[Material provided — start]

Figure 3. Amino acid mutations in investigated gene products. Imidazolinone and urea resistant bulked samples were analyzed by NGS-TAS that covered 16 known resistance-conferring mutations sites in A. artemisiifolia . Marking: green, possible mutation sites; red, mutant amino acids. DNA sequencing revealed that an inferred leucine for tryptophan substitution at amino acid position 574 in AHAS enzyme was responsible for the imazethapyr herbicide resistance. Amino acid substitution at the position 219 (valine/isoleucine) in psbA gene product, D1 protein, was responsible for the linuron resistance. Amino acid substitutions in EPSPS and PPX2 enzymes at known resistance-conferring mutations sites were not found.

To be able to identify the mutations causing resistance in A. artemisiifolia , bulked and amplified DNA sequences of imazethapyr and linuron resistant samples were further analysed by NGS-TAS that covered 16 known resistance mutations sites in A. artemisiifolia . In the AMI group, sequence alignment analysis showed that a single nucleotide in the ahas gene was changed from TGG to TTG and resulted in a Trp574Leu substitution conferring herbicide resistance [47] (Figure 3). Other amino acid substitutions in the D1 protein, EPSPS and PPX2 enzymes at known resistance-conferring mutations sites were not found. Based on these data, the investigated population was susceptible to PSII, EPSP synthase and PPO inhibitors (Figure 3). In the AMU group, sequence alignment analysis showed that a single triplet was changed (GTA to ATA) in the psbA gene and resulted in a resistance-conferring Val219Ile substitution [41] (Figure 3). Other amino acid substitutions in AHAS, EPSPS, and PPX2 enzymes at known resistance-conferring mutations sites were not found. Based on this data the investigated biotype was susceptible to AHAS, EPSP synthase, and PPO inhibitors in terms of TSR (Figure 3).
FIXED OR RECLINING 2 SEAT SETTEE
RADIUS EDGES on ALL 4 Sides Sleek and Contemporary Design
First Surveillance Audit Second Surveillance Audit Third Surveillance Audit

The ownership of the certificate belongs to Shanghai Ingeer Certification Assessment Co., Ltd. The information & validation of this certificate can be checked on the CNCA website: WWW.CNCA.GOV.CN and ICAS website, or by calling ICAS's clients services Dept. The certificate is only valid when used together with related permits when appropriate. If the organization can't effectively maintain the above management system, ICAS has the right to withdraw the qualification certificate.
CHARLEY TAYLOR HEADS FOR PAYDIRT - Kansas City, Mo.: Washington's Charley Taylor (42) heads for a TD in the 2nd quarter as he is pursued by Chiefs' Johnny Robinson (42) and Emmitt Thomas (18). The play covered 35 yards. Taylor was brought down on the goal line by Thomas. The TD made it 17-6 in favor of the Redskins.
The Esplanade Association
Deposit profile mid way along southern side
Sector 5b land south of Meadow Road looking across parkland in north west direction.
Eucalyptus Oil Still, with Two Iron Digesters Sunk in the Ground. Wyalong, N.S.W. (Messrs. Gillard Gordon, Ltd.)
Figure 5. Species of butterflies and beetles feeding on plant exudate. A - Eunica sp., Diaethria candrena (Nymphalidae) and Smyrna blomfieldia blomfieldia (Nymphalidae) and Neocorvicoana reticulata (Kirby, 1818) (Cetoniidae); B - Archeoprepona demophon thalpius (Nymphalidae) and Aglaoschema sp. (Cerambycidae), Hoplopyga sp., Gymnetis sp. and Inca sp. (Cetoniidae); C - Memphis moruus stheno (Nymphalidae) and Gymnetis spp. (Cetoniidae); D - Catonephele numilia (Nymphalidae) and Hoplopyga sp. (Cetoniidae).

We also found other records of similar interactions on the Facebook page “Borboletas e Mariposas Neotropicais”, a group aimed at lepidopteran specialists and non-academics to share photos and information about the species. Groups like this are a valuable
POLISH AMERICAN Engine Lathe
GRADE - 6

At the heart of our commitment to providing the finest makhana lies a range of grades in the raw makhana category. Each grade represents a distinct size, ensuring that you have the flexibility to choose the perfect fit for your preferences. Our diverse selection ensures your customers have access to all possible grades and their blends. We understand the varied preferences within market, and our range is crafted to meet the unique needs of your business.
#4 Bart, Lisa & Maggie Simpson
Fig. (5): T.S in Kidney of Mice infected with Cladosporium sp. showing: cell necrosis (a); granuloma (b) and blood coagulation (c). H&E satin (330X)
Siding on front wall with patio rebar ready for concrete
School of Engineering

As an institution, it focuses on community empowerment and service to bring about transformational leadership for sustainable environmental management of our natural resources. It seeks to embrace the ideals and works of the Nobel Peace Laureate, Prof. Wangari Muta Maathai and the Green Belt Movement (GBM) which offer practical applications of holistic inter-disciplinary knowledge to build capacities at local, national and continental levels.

[Material provided — finish]

*Task:* Copy exactly the line that contains "#4 Bart, Lisa & Maggie Simpson" and every line after it, up to and including the last line of the records.

*Task response:*
#4 Bart, Lisa & Maggie Simpson
Fig. (5): T.S in Kidney of Mice infected with Cladosporium sp. showing: cell necrosis (a); granuloma (b) and blood coagulation (c). H&E satin (330X)
Siding on front wall with patio rebar ready for concrete
School of Engineering

As an institution, it focuses on community empowerment and service to bring about transformational leadership for sustainable environmental management of our natural resources. It seeks to embrace the ideals and works of the Nobel Peace Laureate, Prof. Wangari Muta Maathai and the Green Belt Movement (GBM) which offer practical applications of holistic inter-disciplinary knowledge to build capacities at local, national and continental levels.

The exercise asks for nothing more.